Омрувье поспешно извлек из фанерного чемоданчика, где хранились винтовочные патроны и ракетницы, карманные часы невиданных размеров.
– Сумеешь?
Ждан потряс хронометр, приложил к уху, затем щелкнул крышкой и долго изучал допотопный механизм.
– Эх, отверточку бы сюда потоньше. Ну, да не беда, гвоздь расплющим. – Посмотрел на Омрувье. – Все будет антик-марэ, как говорят французы.
Занятый часами, он не услыхал шум вертолета и очень удивился, когда в фургончик втиснулись Омрувье и Векет.
– Будут, сегодня будут. Не мешайте…
– Да мы по другому вопросу, – извиняюще сказал Векет и поднял указательный палец. – Слышишь? Верталь приближается.
Ждан нехотя отложил винтик.
– Ясно. Опять будете связывать?
– Угу! – мрачно кивнул Векет.
– Только осторожно. Тут теснота такая, по дай бог, винтик потеряем. – Он еще раз оглядел разложенные детальки часового механизма и покорно вытянулся на нарах, – Попадет вам за меня, ей-ей!
– Не попадет. Ты чукча, значит, должен помогать своим братьям по тундре, – веско заключил Омрувье. – Там, в Энмыгране, своих бездельников хватает…
Ждан хотел возразить, внести, так сказать, одну важную поправку в рассуждения бригадира, но Векет уже связывал узелки кляпа.
Командир вертолета сразу к Омрувье.
– Где этот пацан? Приказ директора – немедленно доставить! В стойбище сказали, что он ушел с вами. Так где же он?
– Ждан? – переспросил бригадир, – А-а, Ждан. Так он ушел с пастухами искать отколовшихся олешек. Может, к утру будет. Или, на худой конец, к вечеру…

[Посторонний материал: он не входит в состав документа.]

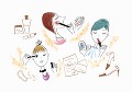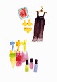 若い女性のライフスタイルイメージを人物ではなく身の回りの小物などを使いポップに表現されています。

– В какую сторону ушел? Бригадир развел руками:
– Коо, не знаю.
– Передайте ему, что выговор уже на доске приказов. Я больше гоняться за ним не буду. Все!
VI
Ждан потер затекшие руки.
– Хватит! Хва-тит! Завтра ставлю антенну повыше, сам все объясню директору. Тащите сюда свет. Я, пока лежал, понял секрет этого дореволюционного «велосипеда». Через полчаса будет вам «тик-так».
Омрувье предупредил:
– Утром снимаемся. Поведем стадо вон к той Сторожевой сопке.
– Почему Сторожевой?
– В старину, когда случались войны, на ней сидели наблюдатели, предупреждали о появлении неприятеля.
Уже с наступлением темноты в палатку неожиданно ворвался пляшущий Ждан. На вытянутой руке он держал за кончик цепочки бригадировы часы.
– Павел Буре! Поставщик двора его императорского величества!
Омрувье ни одного из этих слов не понял, с недоверием поднес хронометр к уху. Широкая довольная улыбка расползлась по его лицу.
– Надо же, лет десять молчали. Погоди-ка, – он снял с пояса нож и протянул Ждану, – твой. Носи.
Ждан с восторгом потрогал массивную рукоятку в виде плывущей нерпы.
– Из мамонтовой кости, – сказал Векет. – я этот нож два года выпрашивал. Ты везучий… Ну, нам пора на дежурство. Ты пойдешь или Вано?
Вано недовольно закряхтел в углу, пробормотав что-то насчет застарелого радикулита.
– Пойду я, – сказал Ждан. – А то еще назовете оленеедом.
Векет рассказал дневной сон. Будто привиделся ему повисший над головой маленький самолетик. Колеса его почему-то были повернуты поперек хода. «Как же он садиться будет?» – подумал Векет и попытался выправить колесики, но те снова становились на свое место, словно были на пружинках.
– Что интересно, – добавил Векет, – сквозь иллюминаторы я видел пассажиров, видел, как стюардесса разносит питье, а в одной женщине вдруг узнал свою жену Софью. Наверное, скучает…
– Ветер переменится, это точно, – разгадал сон Омрувье. – Или снег пойдет.
– Не, снег, это когда снится голая женщина, – возразил Векет. – В ту летовку так было, А вот еще моя бабушка всегда говорила…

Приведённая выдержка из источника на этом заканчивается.